In 12 patients with GBM, D,L-methadone was combined with the first-line chemotherapy (Stupp regimen: post irradiation adjuvant cyclic temozolomide on 5/28 days, 150-200 mg/m2). Of these, two patients started D,L-methadone parallel with radiochemotherapy. Seven out of 12 patients with first diagnosis of GBM had hypermethylation of the MGMT promotor, the remaining five patients had no hypermethylation of the MGMT promotor. Six patients with GBM started D,L-methadone at first recurrence, one patient at second recurrence. At the stage of first, second or third recurrence of a malignant glioma (n=13), D,L-methadone was combined with different anticancer therapies: lomustine in one, procarbacin plus lomustine in two, bevacizumab in one, cyclic temozolomide on 5/28 days in five, temozolomide one week on/one week off in two, bevacizumab plus lomustine in one or metronomic temozolomide in one.

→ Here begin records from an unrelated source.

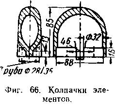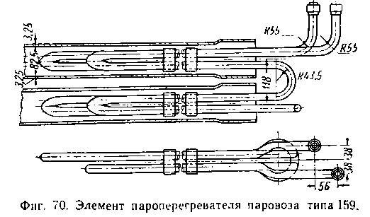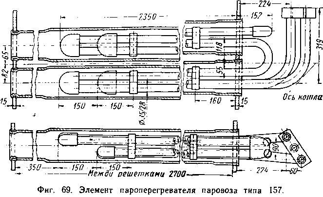 Элемент пароперегревателя паровоза 157 (фиг. 69) состоит из отдельных цельнотянутых труб наружным диаметром 35 мм, соединенных между собой специальными колпачками. Стенки колпачков для увеличения износостойкости делают утолщенными. При сборке элемента колпачок надевается на концы труб и обваривается. Элемент соединяется с коллектором посредством двух нижних трубок.
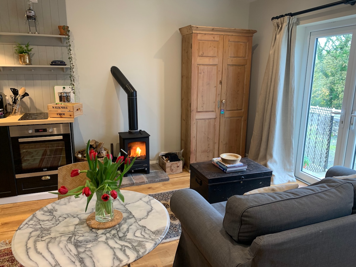 The Black Shack is a luxurious, detail-led Tiny House retreat, with a relaxed open plan living space that features soft leather sofas and a wood-burning stove... a genuine treat after a long day exploring the local area (when you're not unwinding in the private hot tub, that is!) The Black Shack is at the rear of Bancran School our family home and in a quiet area. This listing is for two guests however families with kids can contact us.
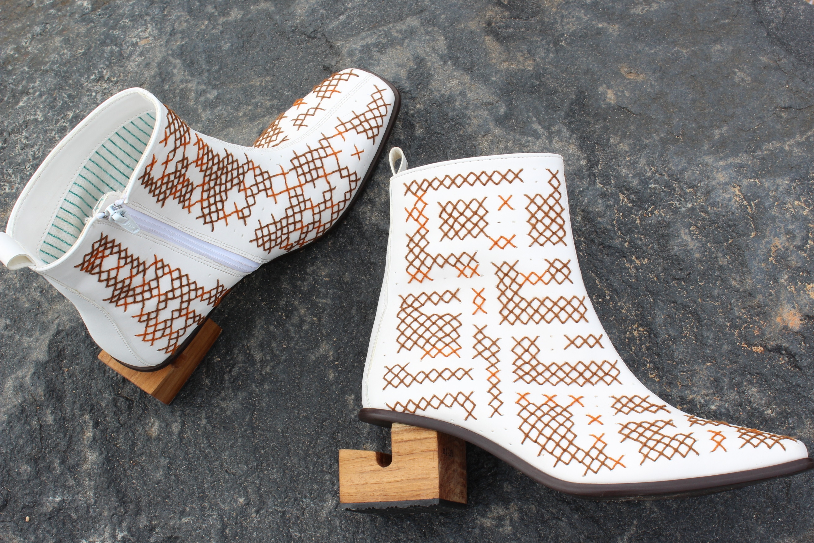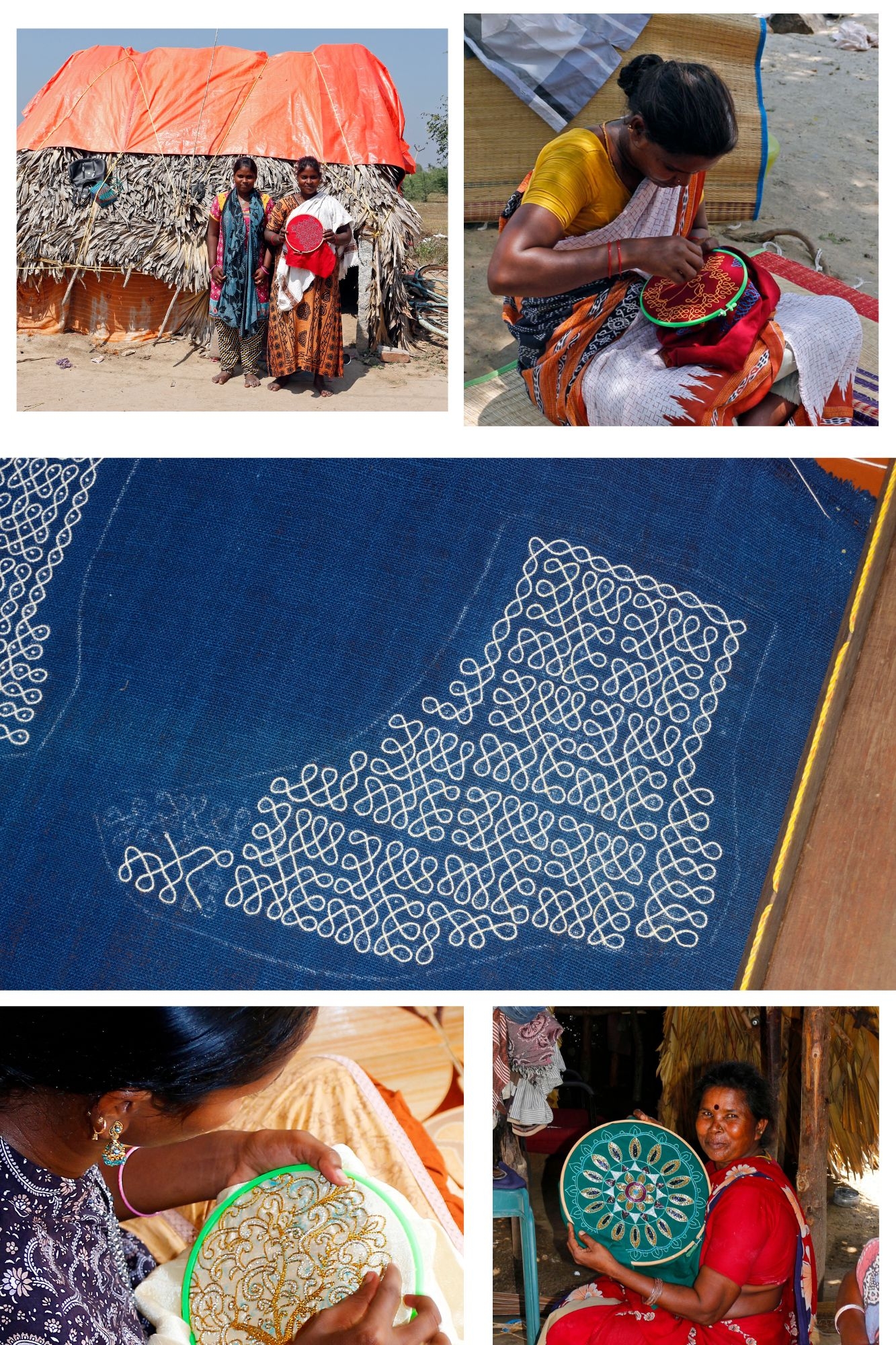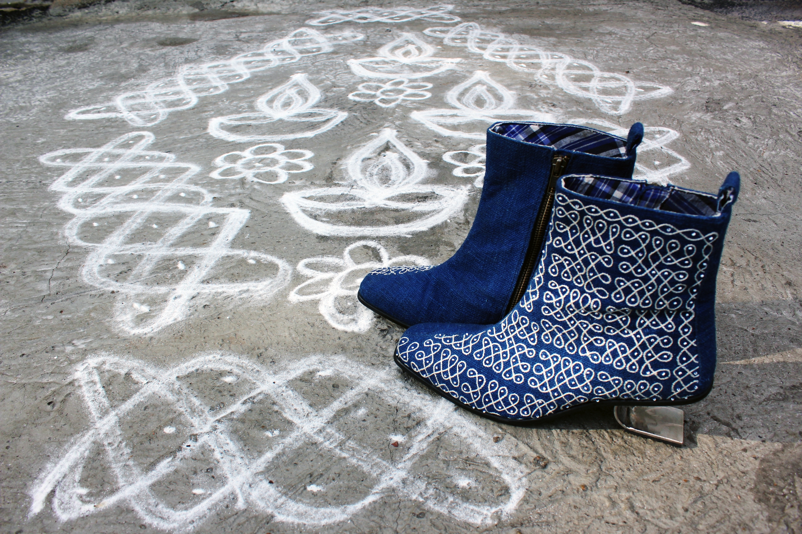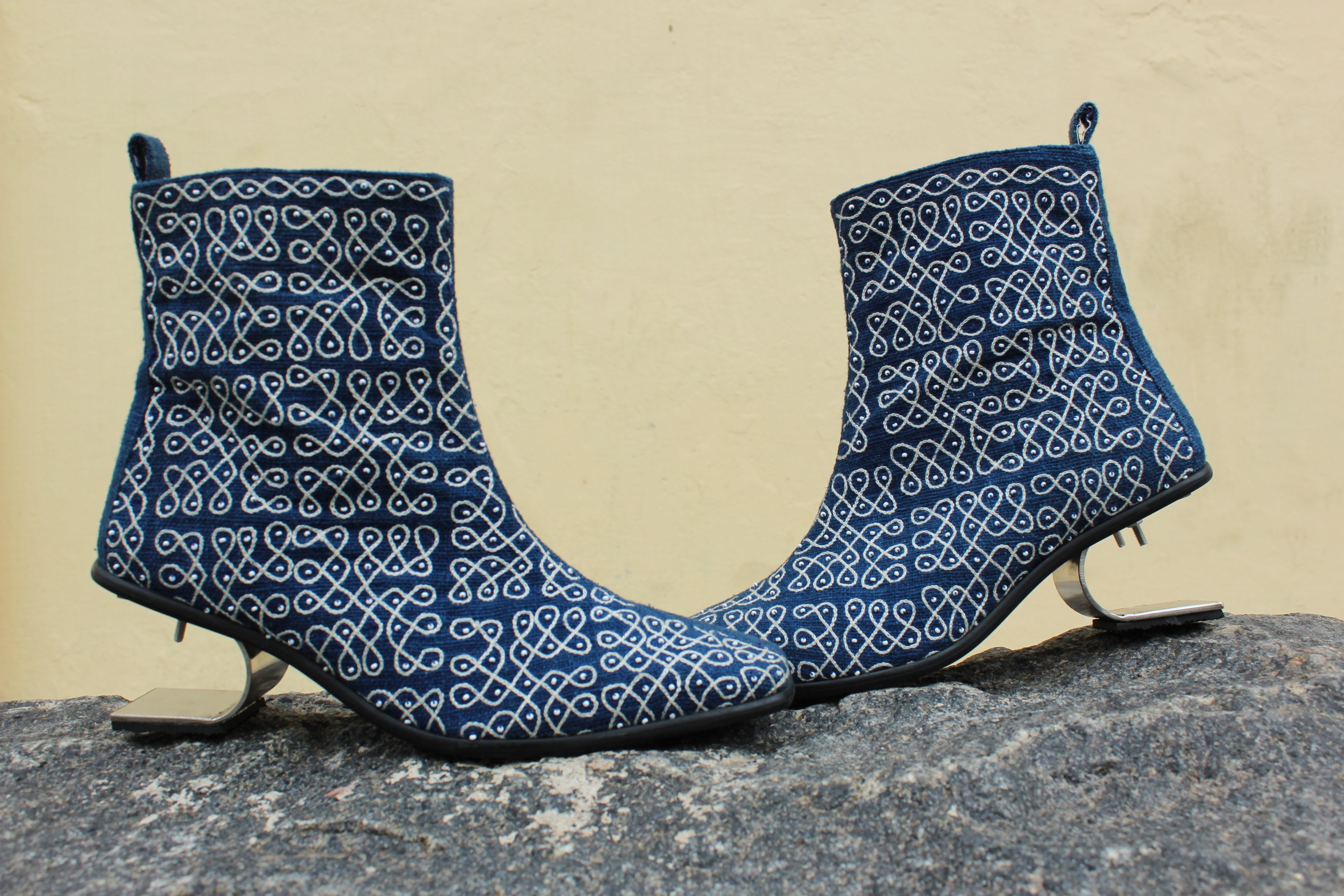 We collaborate with an NGO called Kanimar, which gives snake-catching community women the opportunity to study needlework. We collaborate closely with these ladies to incorporate their expertise in surface design into our shoes because we believe that doing so helps to support the livelihood of this group of women and also exemplifies Tamil culture.

Dosing of D,L-methadone. Patients usually started with stepwise increase of D,L-methadone dosage over a period of 2-3 weeks. Starting doses of 5 drops bid (5 mg daily dose) were increased with 1-5 drops every 5 days (5 drops is equivalent to 2.5 mg) according to the tolerance of the patients. All patients reported consistent intake of D,L-methadone for a period of at least 3-12 months. Final dosage of D,L-methadone ranged between 15-35 mg per day. Serum plasma level of D,L-methadone was measured in one patient. Under 30 mg of D,L-methadone per day, a basal plasma concentration of 182 ng/ml was measured, at 1 to 2 hours after D,L-methadone intake plasma concentration was 206 ng/ml and 198 ng/ml. The therapeutic plasma concentration of D,L-methadone ranges from 0.05 to 0.5 μg/ml; toxic level is reached with 1 μg/ml (19).

Figure 1.
Figure 1.

D,L-Methadone and signaling pathways. D,L-Methadone (Methadone) sensitizes tumor cells to anticancer therapy and induces apoptosis via activation of opioid receptor signaling pathways. Triggering opioid receptors (OR) using D,Lmethadone leads to down-regulation of cyclic adenosine monophosphate (cAMP) which further down-regulates the anti-apoptotic proteins X-linked inhibitor of apoptosis protein (XIAP) and B-cell lymphoma-extra large (BCL-XL) and activates caspase-9 and caspase-3, cleaving poly (ADP-ribose) polymerase (PARP), inducing apoptosis. Blocking opioid receptor signaling pathways using naloxone, 3-isobutyl-1-methylxanthine (IBMX) or pertussis toxin (PTX) inhibits D,L-methadone, sensitizing tumor cells to anticancer treatment and blocks D,L-methadone-related apoptosis induction. AC: Adenylylcyclase, APAF-1: apoptosis protease activating factor-1, AMP: adenosine monophosphate, ATP: adenosine triphosphate, BAX: BCL-2-associated X protein, cyt C: cytochrome c, G: G proteins (Gα, Gβ/Gγ subunits), OR: opioid receptor, PDE: phosphodiesterase.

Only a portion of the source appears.